* _YOUR TASK_
Only the lines from the start of the data below through the line that contains "black glider +" are to be copied, exactly and without pictures.

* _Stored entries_
※ ※ ※
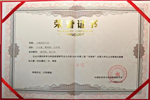 2024年6月1日至2日,第三届“寻是杯”全国大学生公共管理决策对抗大赛(华东赛区)在上海举行。bat365中文官方网站行政管理专业21级学生牛宇豪、22级学生曹胡涛、白开妍组成代表队,在廖尹航和郑久华两位老师的指导和带领下,积极进取,奋力拼搏,同南京大学、华东师范大学、华东理工大学等多所高校组成的43个队的学生同台竞技,最终荣获一等奖,廖尹航和郑久华荣获“优秀指导教师”荣誉称号。
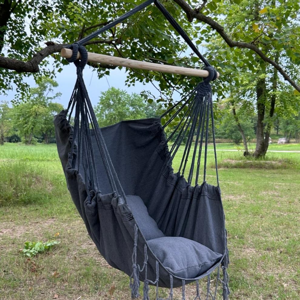 black glider + two cushions + wooden stick [tassel style]]
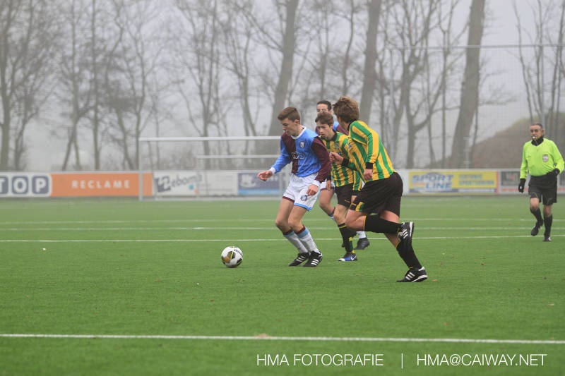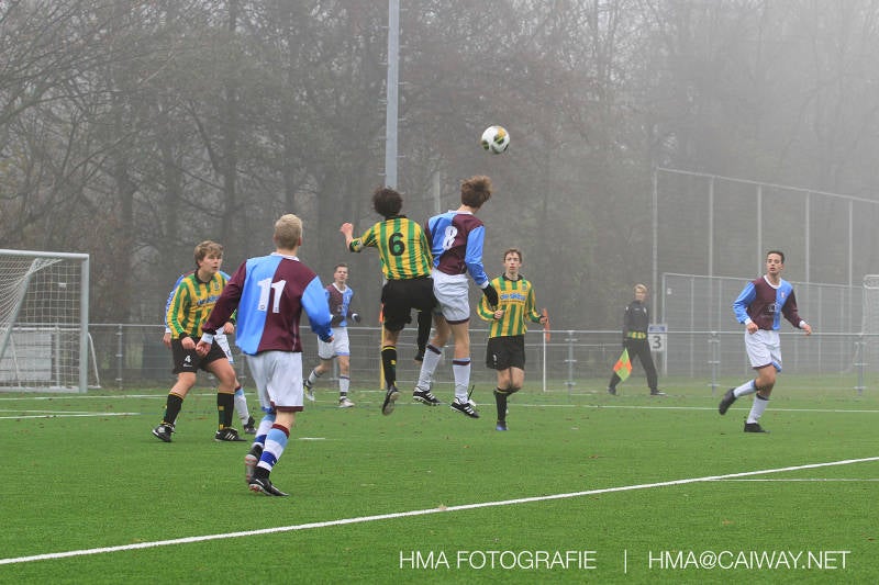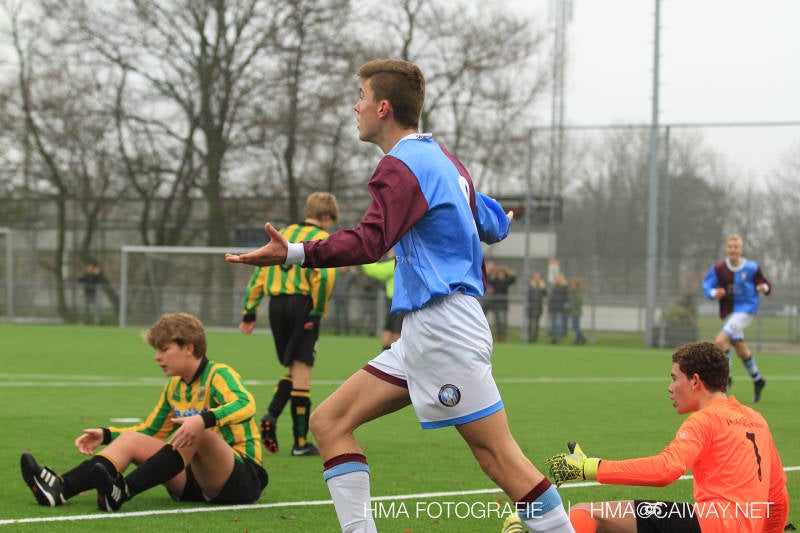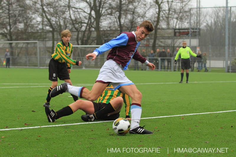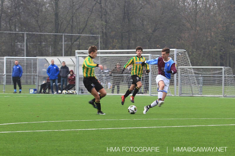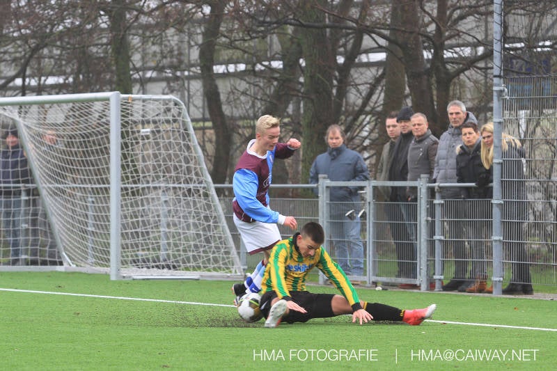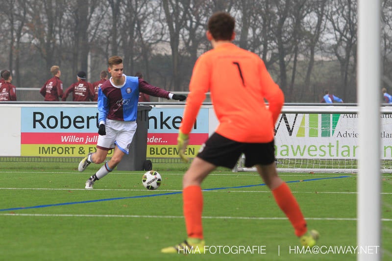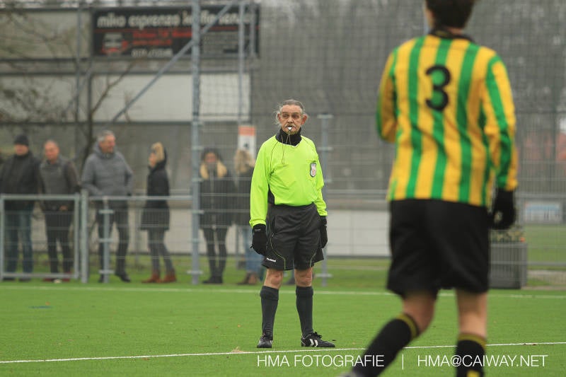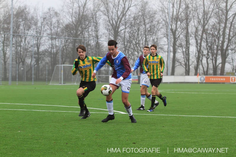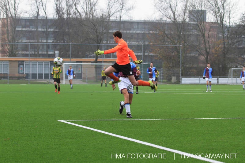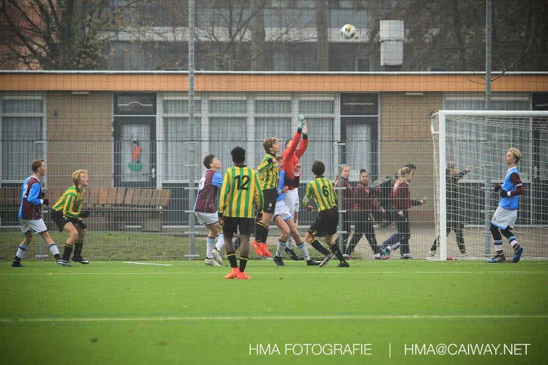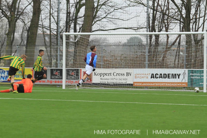 Het was duidelijk te zien in de beginfase van de thuiswedstrijd tegen Graaf Willem dat de spelers hard werkten om de tegenstander onder druk te houden. Dit leverde dan ook een aantal kansen op. Met kunst en vliegwerk wist de keeper van Graaf Willem met steun van zijn verdediging de bal uit het doel te houden. Er werd geschoten,gekopt een volley een omhaal echter geen enkele poging ging over de doellijn. Het middenveld bestaande uit Andreas,Ahmet en David werkte hard om de aanval te steunen in het veroveren van de bal. Heel soms kwam Graaf Willem er snel en gevaarlijk uit, vooral de linksbuiten liep een paar keer richting de achterlijn om voor te zetten. Eenmaal gebeurde dat zo goed dat de bal langs de verdediging van Monster op de rand van de zestien ingeschoten kon worden. De poging kwam op keeper Dokan zijn grote teen en verdween net over de lat. Dat was even schrikken. In de laatste minuut van de eerste helft kreeg Monster eindelijk hun verdiende beloning. Scheidsrechter Postma gaf een hoekschop cadeau en het was Thijs die de bal richting tweede paal voorgaf. Hidde probeerde in te koppen, maar de bal smoorde tegen een verdediger. Duko dacht het vrijgekomen projectiel in te schieten echter de keeper redde. De rebound stiftte Duko in het dak van de goal. Na deze 1-0 was het rust. Na rust begon Monster weer met druk zetten en kreeg een paar goede mogelijkheden. De onzekerheid door het uitblijven van het tweede doelpunt werd groter, en het was vooral in die fase dat Stuart en Guus goed rugdekking gaven aan de backs Boris en Riley. Trainer Arjan bracht Jim in voor de leeggestreden Ahmet en ging 5-3-2 spelen door Thijs naar de kant te halen voor de herstelde Boy. Het blok wat nu achterin stond kon zodoende de opkomende middenvelders en laatste man van Graaf Willem opvangen. Dit lukte uitstekend op 1 moment na. De snelle rechtsbuiten was Riley ontglipt en ging richting de goal van Dokan.Hij schoot en de bal ging gelukkig voor de paal langs over de achterlijn. Het laatste fluitsingaal had geklonken en een welverdiende ovewinning werd gevierd waarvoor sc Monster keihard had geknokt! De laatste competitiedag volgende week kan er van alles gebeuren. Verburch is de opponent, terwijl de concurrenten ook moeilijke wedstrijden spelen.
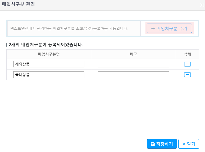 매입처구분 관리 기능을 통해 생성한 각 그룹에 대해 세부 정보를 입력할 수 있습니다.
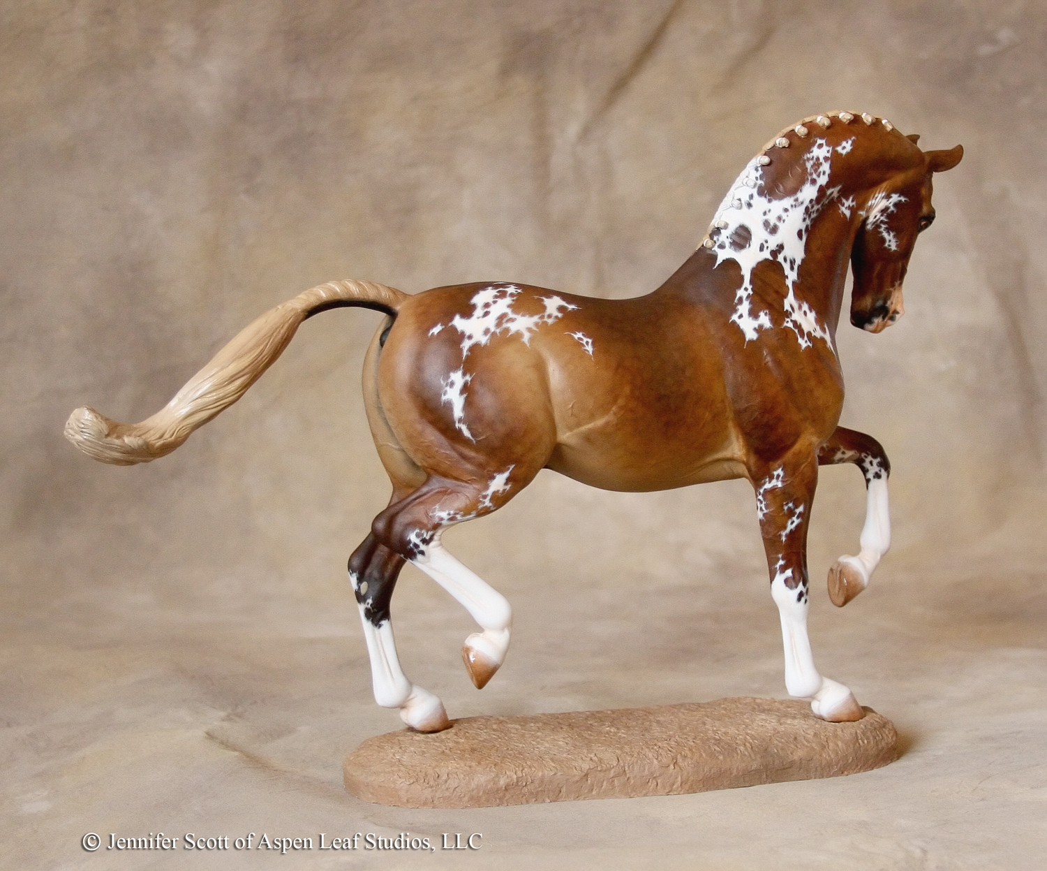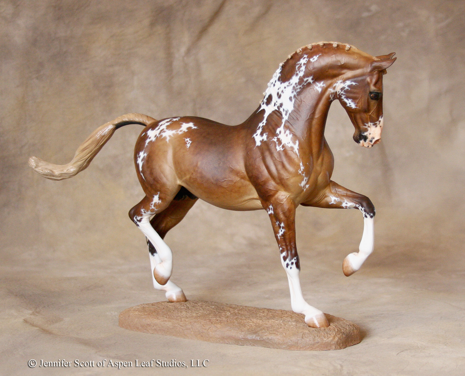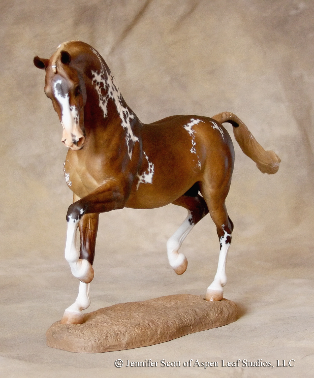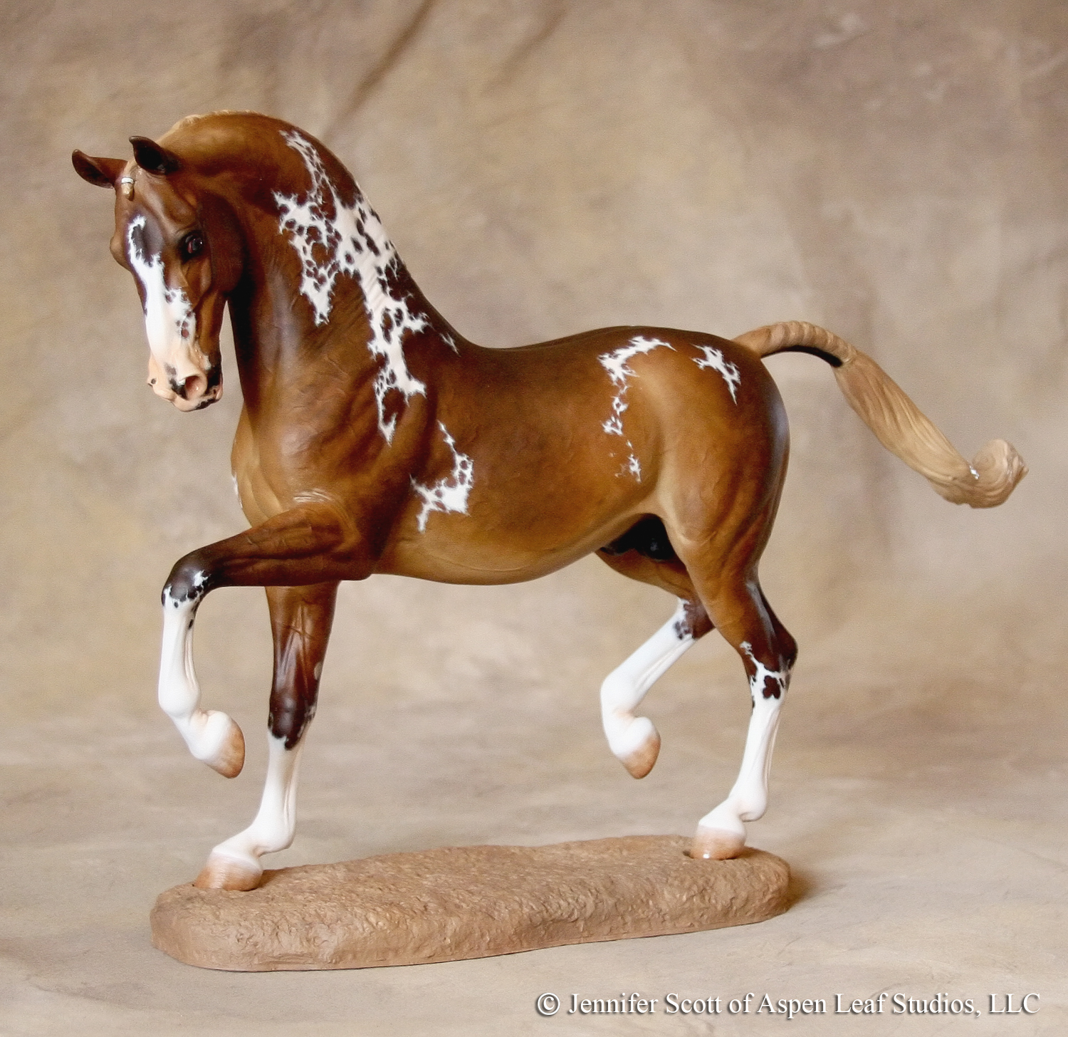 Traditional Scale "David" resin by Deborah McDermott painted dappled flaxen liver chestnut homozygous tobiano in 2009.
※ ※ ※
* _WRITTEN RESPONSE_
 2024年6月1日至2日,第三届“寻是杯”全国大学生公共管理决策对抗大赛(华东赛区)在上海举行。bat365中文官方网站行政管理专业21级学生牛宇豪、22级学生曹胡涛、白开妍组成代表队,在廖尹航和郑久华两位老师的指导和带领下,积极进取,奋力拼搏,同南京大学、华东师范大学、华东理工大学等多所高校组成的43个队的学生同台竞技,最终荣获一等奖,廖尹航和郑久华荣获“优秀指导教师”荣誉称号。
 black glider + two cushions + wooden stick [tassel style]]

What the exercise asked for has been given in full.